▶ [Task instructions]:
Among the entries below, which lines run from the line with "Rose Gold Navy" through the line with "정의당만의 문제의식이 아닐"? Retype those, both ends included, exactly and without pictures.

▶ [Given records]:
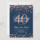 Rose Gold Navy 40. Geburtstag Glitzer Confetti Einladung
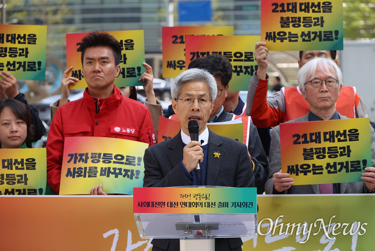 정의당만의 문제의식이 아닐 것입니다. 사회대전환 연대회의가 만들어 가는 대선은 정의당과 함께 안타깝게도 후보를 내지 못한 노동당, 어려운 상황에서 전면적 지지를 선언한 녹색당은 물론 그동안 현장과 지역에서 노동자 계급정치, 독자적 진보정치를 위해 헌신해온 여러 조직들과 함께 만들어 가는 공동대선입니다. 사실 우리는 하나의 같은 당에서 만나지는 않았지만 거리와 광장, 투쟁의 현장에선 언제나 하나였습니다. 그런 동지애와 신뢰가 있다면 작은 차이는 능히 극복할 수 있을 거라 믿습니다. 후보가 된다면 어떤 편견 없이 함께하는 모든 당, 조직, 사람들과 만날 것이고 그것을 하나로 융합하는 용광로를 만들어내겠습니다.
--
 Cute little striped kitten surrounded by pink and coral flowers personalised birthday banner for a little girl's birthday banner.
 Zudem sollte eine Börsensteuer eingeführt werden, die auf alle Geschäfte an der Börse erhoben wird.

▶ [Worked solution]:
 Rose Gold Navy 40. Geburtstag Glitzer Confetti Einladung
 정의당만의 문제의식이 아닐 것입니다. 사회대전환 연대회의가 만들어 가는 대선은 정의당과 함께 안타깝게도 후보를 내지 못한 노동당, 어려운 상황에서 전면적 지지를 선언한 녹색당은 물론 그동안 현장과 지역에서 노동자 계급정치, 독자적 진보정치를 위해 헌신해온 여러 조직들과 함께 만들어 가는 공동대선입니다. 사실 우리는 하나의 같은 당에서 만나지는 않았지만 거리와 광장, 투쟁의 현장에선 언제나 하나였습니다. 그런 동지애와 신뢰가 있다면 작은 차이는 능히 극복할 수 있을 거라 믿습니다. 후보가 된다면 어떤 편견 없이 함께하는 모든 당, 조직, 사람들과 만날 것이고 그것을 하나로 융합하는 용광로를 만들어내겠습니다.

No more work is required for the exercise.